Общественное мнение XX века в связи с развитием психоанализа обращает пристальное внимание на бессознательные феномены и структуры. В XXI веке этот интерес не угасает, а психоанализ в свою очередь разрастается на множество новых актуальных во всём мире направлений. На наш взгляд, это напрямую связано с состоянием постмодерна. По оценкам многих исследователей эпоху постмодерна характеризует неомифология и обращение к архаическим мотивам, которые, как и тысячелетия назад, снова наделяются магическими чертами. В том числе, можно сказать, что это напрямую касается и интереса к феномену сновидений. По мнению исследователя Л. Гоца, характерной чертой современной культуры является тот факт, что сегодня «сновидение бурно отвоёвывает утраченные в эпоху модерна позиции <…> и переосмысляется в новых, не свойственных ему ранее качествах и формах»[125] В связи с этим возникает много вопросов о феномене сна. Является ли возрастающее внимание к феноменам сна и сновидения одним из симулякров культуры постмодерна, или же оно представляет собой попытку человечества найти духовную подпитку в архетипических константах человеческого бытия? Есть ли за сновидениями какая-либо доля реальности, и если есть, то в чём она состоит? В чём отличие современного интереса к сновидениям от интереса людей древности? На наш взгляд, ответить на вопрос о сущности какого-либо феномена можно только обратившись к его истокам. В случае феномена сна это возможно попытавшись понять отношение к данному явлению в культуре Древнего мира, к рассмотрению чего мы и перейдём ниже.

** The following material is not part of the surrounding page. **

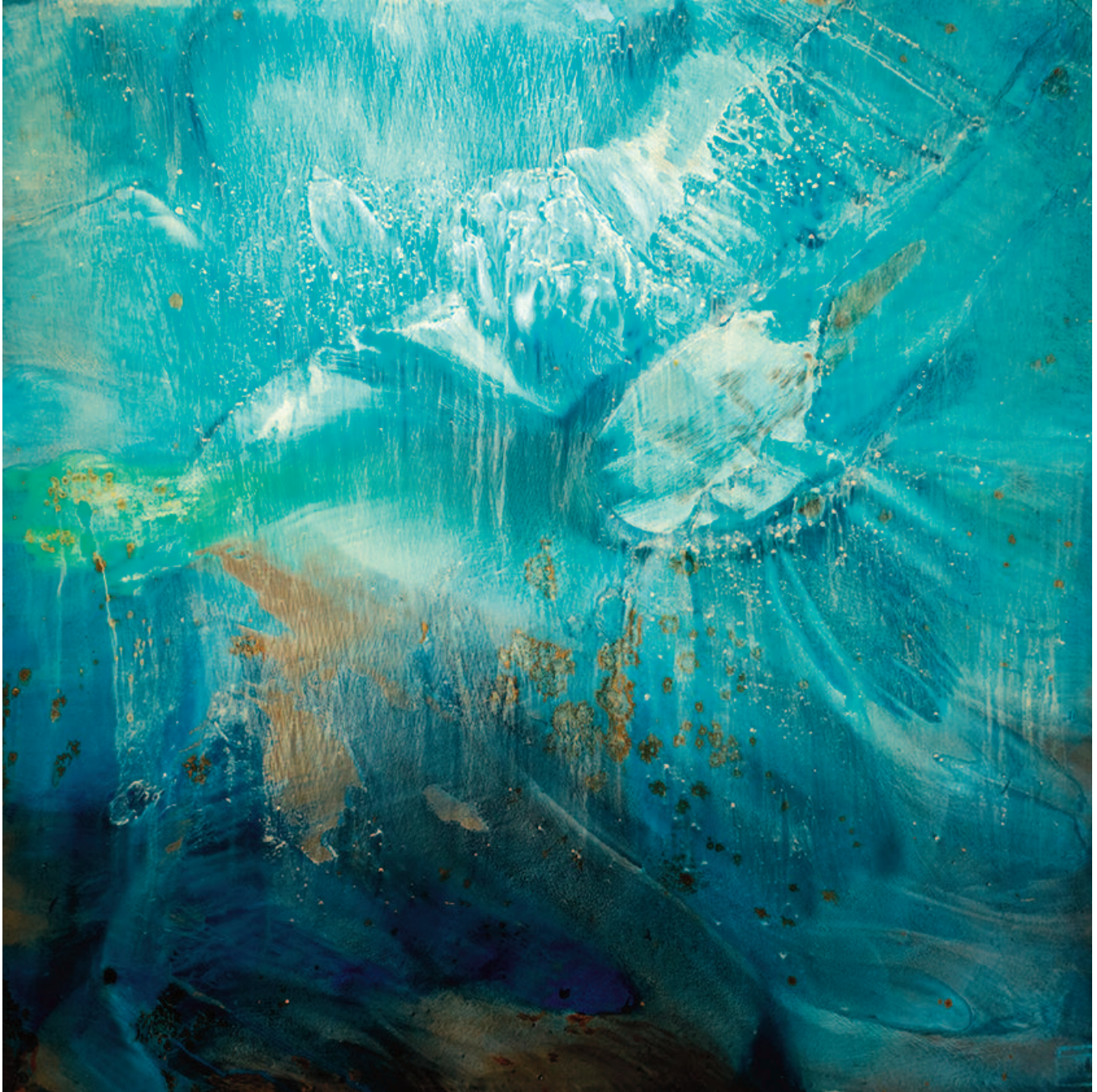
Dreams of a Floating World

Some of William's recent accomplishments include:

Отношение древних людей к сновидениям отражает их представления о душе, поэтому применительно к первым этапам формирования человеческой культуры ещё трудно говорить о чётком различии восприятия процессов сна и сновидений. Синкретизм и мифологический характер первобытной культуры наложили свой непосредственный отпечаток на восприятие человеком сна. Исследователь первобытной культуры Э.Тайлор пишет: «Даже бодрствующий и вполне здоровый дикарь не обладает способностью различать субъективное и объективное, воображаемое и действительное <…> Видя … вокруг себя призраки человеческих форм, он не может не верить своим органам чувств»[126].Это высказывание непосредственно относится и к первобытному восприятию сна. Первобытный человек верит как в реальность во всё, что воспринимает. Он считает, что во время сна душа выходит из тела, а сновидение – это то, что в действительности происходит с душой во время этого путешествия. Так, Дж. Фрезер приводит пример про одного слабого здоровьем индейца из племени макуши, которому приснилось, будто хозяин заставил его волоком поднимать каноэ через каскад крутых водопадов. Следующим утром индеец упрекал хозяина в бессердечии к бедному больному, которому пришлось всю ночь работать.[127]

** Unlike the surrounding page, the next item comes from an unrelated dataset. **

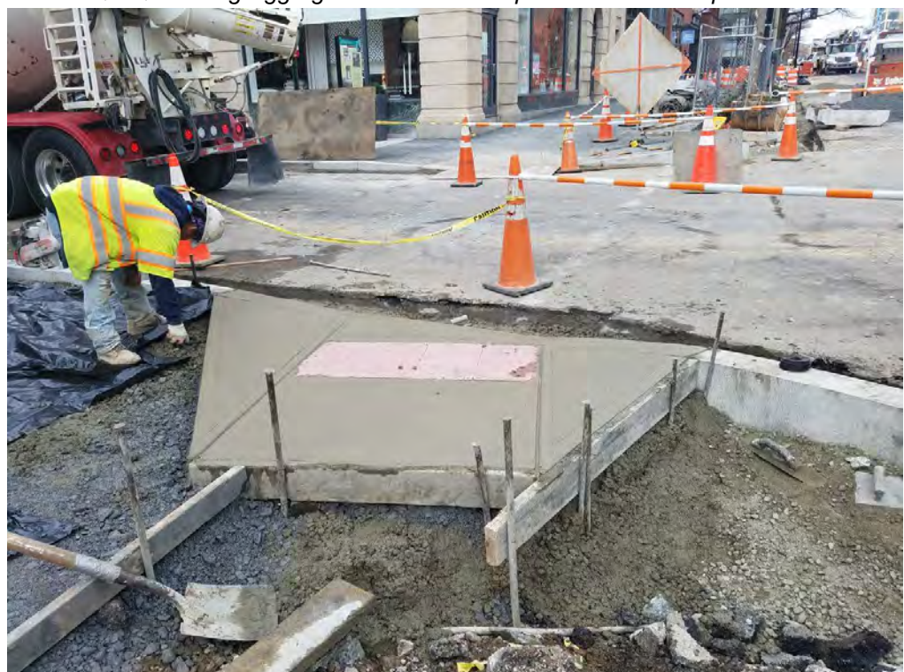
Installation of ADA Ramp at SW Corner of Church Street

Часто повторяющимся мотивом отношения к феномену сна в первобытной культуре является его сравнение со смертью. Если сон – это временная потеря души, то смерть – необратимая её потеря. В связи с этим существовал запрет резко будить спящего или переворачивать его тело, так как это связано с опасностью, что при внезапном пробуждении душа может не успеть вернуться в тело из своего путешествия, и тогда человек заболеет или умрёт. Заметим, что обратная аналогия характерна для христианского сознания, в котором есть сравнение смерти со сном, после которого человеческие души пробудятся для вечной жизни. Связь сна у многих «примитивных» народов с опасностью прослеживается ещё в одном проявлении. Некоторые народы считали, что во сне душа посещает умерших, или, наоборот, умершие посещают спящих. Сновидения – время, когда колдуны могут навредить душе. Во сне душа встречается с миром призраков, которые могут пугать.

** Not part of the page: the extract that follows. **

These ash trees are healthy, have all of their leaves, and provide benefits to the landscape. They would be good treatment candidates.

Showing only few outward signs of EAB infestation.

Связь сна и сновидений со смертью и опасностью подтверждает и древнегреческий эпос Гомера и Гесиода. Гесиод писал, что сон и сновидения, как и смерть – дети Ночи, породившей также Разрушение, Мрак, Таната, Керр. Сон наряду со смертью обретает устрашающий характер: «Сон со Смертью – ужасные боги»[128]. По Гесиоду, Сон обитает там, где День сходится с Ночью, а согласно Гомеру Сновидения находятся непосредственно перед лугом, где летают души умерших[129].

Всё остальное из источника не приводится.